Back to tool batteries, where this applies more:

  1. Buy a reputable manufacturer's stuff.
  2. Don't eBay for batteries or chargers. Yeah the official stuff costs more but what you get is a guarantee that is is all matched.
  3. All tool chargers I have come across have a charge full indicator. Leaving the battery plugged in beyond that will not overcharge the battery, that indicator is driven by the charging circuit having detected full charge. If the battery never appears to reach that point, either the battery or the charger is dead or damaged. Find out which, and discard as appropriate.
  4. More high end equipment has temperature and battery health monitoring on the battery itself. This will change the charging current to prolong the life of the  battery.
  5. These days, the circuitry is so standard that even worrying counterfeit crap has the same charger chips as the good stuff, but quality assurance is non-existent so better not risk it without a very good reason.

Everything else the link states is good information: Don't overheat your devices. Don't overheat your batteries. Don't overheat your chargers. Don't use batteries that are mechanically damaged or appear to be damaged in any other way (like feeling TOO hot without that big a load on them.

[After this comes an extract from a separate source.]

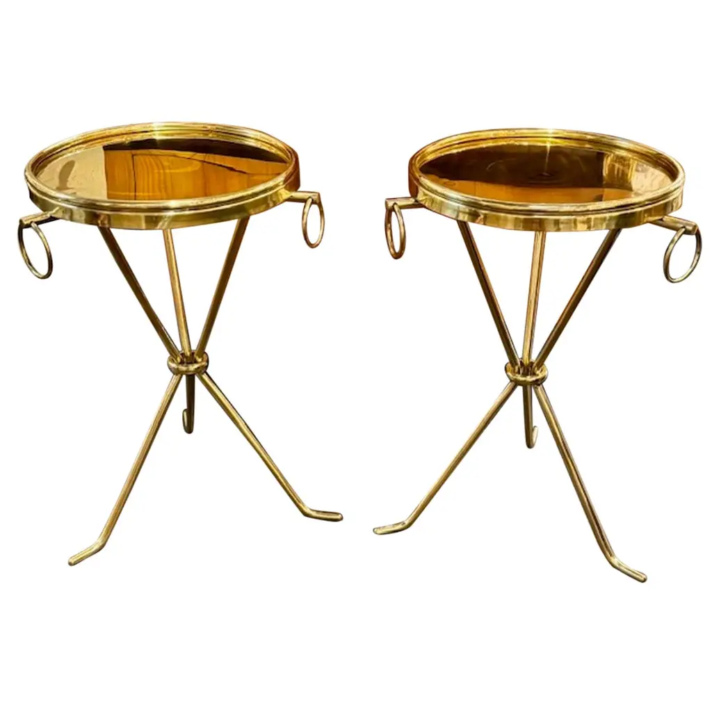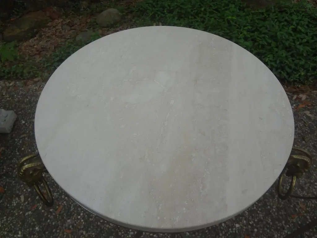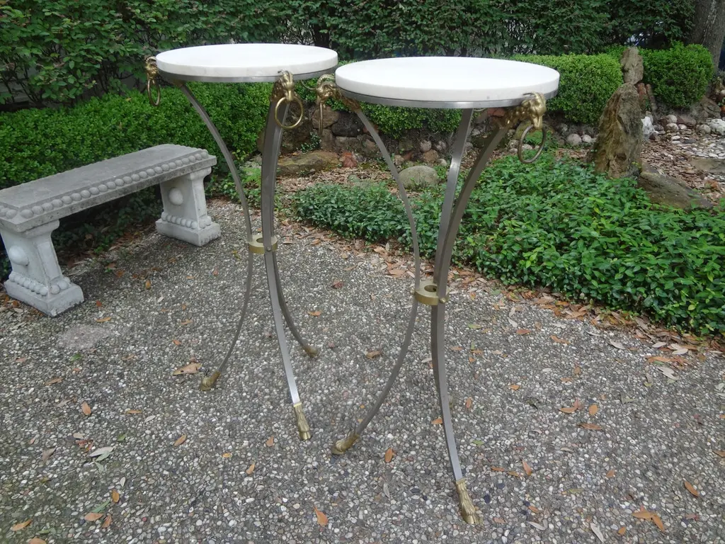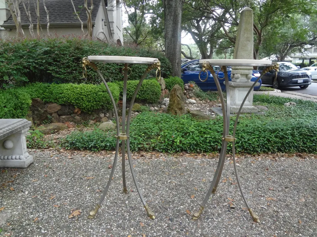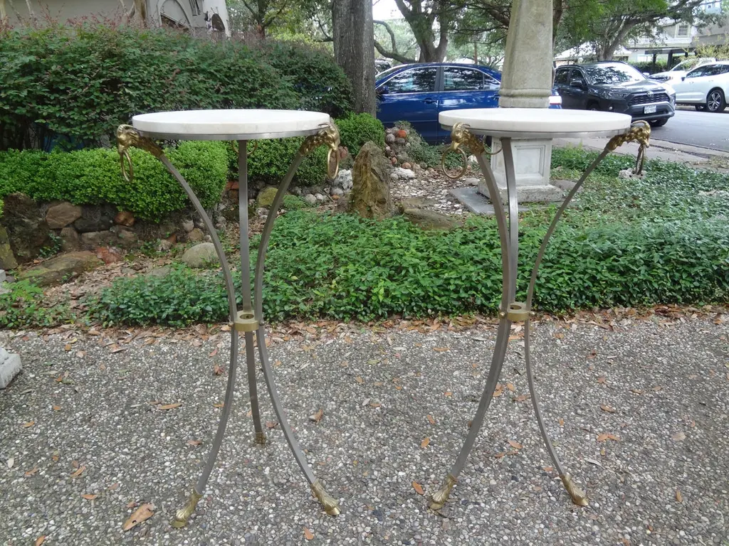 Pair of Italian brushed steel and brass pedestals with travertine tops.Stunning pair of Hollywood Regency Italian brushed steel and brass pedestals or stands with travertine tops. These great Italian Modern pedestals are executed in brushed steel with brass Ram's heads and hoof feet with travertine tops. Our versatile Italian Neoclassical style pedestals or tables would be great to display your prized treasures or sculptures or used as plant stands.Measures: Top travertine surface is 15.82 inches.This listing is for a pair!

This "do not overcharge" stuff, as if the user has much of a say in that, needs to be put to sleep.

Post edited at 13:08
 Jasonic 18 Feb 2021
In reply to Alkis:

Hi- I use battery tools for a living so perhaps over cautious !

There was a fire on the London Underground caused by lithium batteries catching fire-

Also this, on a US  contractors forum;

https://www.contractortalk.com/threads/batteries-caused-house-fire.428251/

 Alkis 18 Feb 2021
In reply to Jasonic:

Yeah, just to clarify, I'm not saying you should not be cautious with batteries, just that overcharging is basically never the root cause, it's a symptom of a broken system. That thread is a pretty good example of problems with using subpar stuff. People are talking about generic chargers, generic batteries, basically unsuitable combinations of equipment. Hell, people are mentioning generic batteries smoking as they are being charged. Overcharging and a resulting catastrophic failure from that is a symptom of subpar, wrong and/or damaged equipment. I would not trust a charger/battery combination that is unable to complete a charge cycle as specified for the battery to charge to *any* percentage, even if you have it on a timer to stop early.

Being cautious is fine, overcharging is never something you should have to avoid through manual actions of your own, you should throw away any equipment that you suspect is misbehaving. If the charger cannot detect the end of the charging cycle I would question whether it even provides the right charging current at all, you don't need an overcharge condition for the battery to blow up. Likewise, if a battery is unable to be charged correctly I would not be using that battery, they hold enough energy to blow up without being on a charger (see what happened with the faulty batteries of the Samsung Galaxy Note 7).

Post edited at 23:12
 Michael Hood 19 Feb 2021
In reply to HB1:

Cordless, the long term problem is that the batteries eventually degrade and don't hold as much charge. And by then quality replacements are hard to come by. They've changed the voltage or the technology, etc.

That's my current Ryobi 14.4v problem, I have to charge both batteries before doing anything significant even if they were charged a couple of days ago.

I had a similar buying dilemma with hedge trimmers. Realised that if I wanted to go cordless then I should avoid cheap and pay for quality. Decided to go for cheap corded. I've only had to rewire my £25 Argos purchase with 1m shorter cord once - so far 😁 

Post edited at 07:35
 Iamgregp 19 Feb 2021
In reply to HB1:

I'm late to the party here, but nobody's mentioned Milwaukee.  I picked up a combi drill on offer at Toolstation when we bought our house and there hasn't been a job it hasn't been able to handle (though like you, I'm just an occasional; light DIY-er.  They're not the cheapest but if you see something on special or reduced they're worth a look.